階段を降りた先にあるドアを開けると、そこにはは2つのドアがあります。左側のドアは男性用の、右側のドアは女性用の更衣室へと繋がっています。更衣室といっても自分用のロッカーがあるだけで特にここで着替えることはありません。

 そもそも八咫烏には指定の服は存在しません。みなさん施設内では思い思いの服で過ごしていらっしゃいます。ただ戦場では所属部隊に応じたマントを着ることになっています。例えば日下部隊長さんの第一部隊は赤色のマントを、穂積隊長さんの第二部隊は緑色のマントを着用します。ちなみに早川大隊長さんの特別戦略部隊は黒色のマントで、背中には金色の刺繍で『八咫烏』と縫われています。

 ロッカーには貴重品や携帯電話をしまいます。これより下の階では携帯電話を使うことはおろか、持ち運ぶことも許されません。


 おや?誰かが入ってきましたね。ドアが開いた音がしました。知らない人だと困るので出来たら知っている人だと良いのですが……

「あっ」

「よかった靏音さんでしたか」

 知っている方でよかったです。

「おはよー、早いね〜」

「昨日寝る前に今日の入隊式のことを考えていたら早く起きてしまいました」

「楽しみだよね〜」

「そ、そうですね」

 緊張で夜寝れなかったことは内緒にしておきましょう。

「制服かわいいですね」

 靏音さんのロッカーは私の真後ろにあります。なのでベンチを挟んで背中合わせの格好になります。

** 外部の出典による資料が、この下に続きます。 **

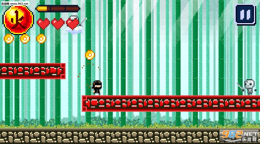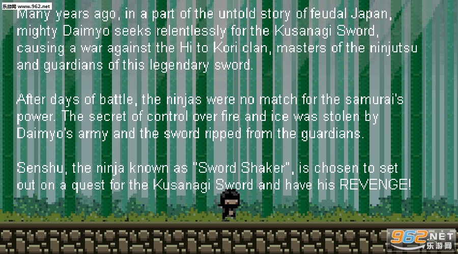 游戏中玩家能体验到经典趣味像素冒险世界的完美乐趣, 你需要打败敌人克服困难,获得最后的胜利,游戏是一个忍者世界,玩家作为一个忍者可以在树林中使用二段跳躲避攻击或是前进,用手里剑攻击敌人,冲破阻碍。

「ありがとう。でも可愛さでいったら柚葉ちゃんの方が上だよ〜」

 靏音さんが笑顔をこちらに向けてきます。

 でも靏音さんの言うかわいさと私の言った可愛さは全く別物です。

 靏音さんは女子高校生の可愛さ、1人の女の子が大人になっていく途中特有の可愛さ。

 私はただの女の子としての可愛さ。大人が自分の子供を見る時に感じるものです。

「靏音さんの方が大人っぽくていいです。私は子供っぽくて……」

「もうちょっと自分に自信持った方がいいよ〜。十分かわいいんだし」

 靏音さんの笑顔が眩しいです。でも……

「何かありましたか?」

 靏音さんの声の高さはいつもと変わりないですが、笑顔がどこかぎこちないものがあります。

「ん?何も無いよ?」

「そうですか……」

「うん。何もなかった」

 靏音さんのギターハードケースがガタンと床に落ちる音がしました。

 振り返ると靏音さんがベンチに座って、腕の中に顔を埋めています。ギターケースは彼女のロッカーの前に立てかけてあります。落としたわけではなかったみたいです。

「何もなかったんだよ〜」

 長い間一緒にいるからわかります。何かあったやつですね。そして誰かに聞いてほしいやつですね。

「何があったんですか?」

 私は靏音さんの隣に腰掛けました。話を聞くことで少しでも助けになれたら……

 ――――――――――――――――――――――――

「光一くんと喧嘩したの」

「喧嘩ですか……」

「喧嘩っていうたいそうなものでもないか。ちょっとしたすれ違いかなあ」

「すれ違い……」

「私信頼されてないんじゃないかもって」

 柚葉ちゃんは頬に人差し指に手を当てて真剣に考えてくれている。この子のこういう何事にも真剣なところ凄いよなあ。

「具体的な背景をお伺いしても?」

「もちろんだよ。一緒に考えてくれてありがとう」

 私はコンビニでのことと、光一くんが何か隠し事をしているんじゃないかと感じたことを話した。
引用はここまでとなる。